_Directions:_
Exact reproduction of the data is required, with images excluded.

_Data section:_

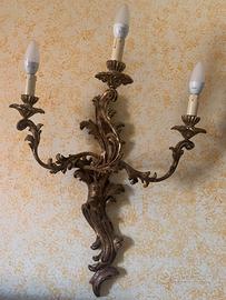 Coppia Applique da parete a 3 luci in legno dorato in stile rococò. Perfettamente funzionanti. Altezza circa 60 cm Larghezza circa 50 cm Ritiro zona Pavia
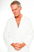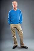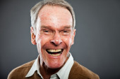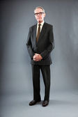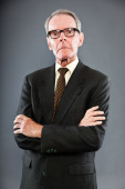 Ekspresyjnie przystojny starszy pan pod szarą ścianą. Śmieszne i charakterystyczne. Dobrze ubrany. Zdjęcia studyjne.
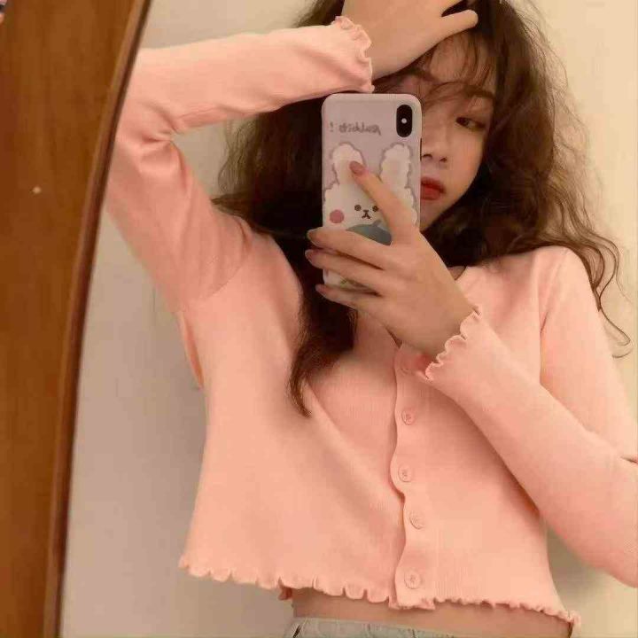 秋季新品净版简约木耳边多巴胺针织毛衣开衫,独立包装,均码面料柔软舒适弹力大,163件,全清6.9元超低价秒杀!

_Solution for this exercise:_
 Coppia Applique da parete a 3 luci in legno dorato in stile rococò. Perfettamente funzionanti. Altezza circa 60 cm Larghezza circa 50 cm Ritiro zona Pavia
 Ekspresyjnie przystojny starszy pan pod szarą ścianą. Śmieszne i charakterystyczne. Dobrze ubrany. Zdjęcia studyjne.
 秋季新品净版简约木耳边多巴胺针织毛衣开衫,独立包装,均码面料柔软舒适弹力大,163件,全清6.9元超低价秒杀!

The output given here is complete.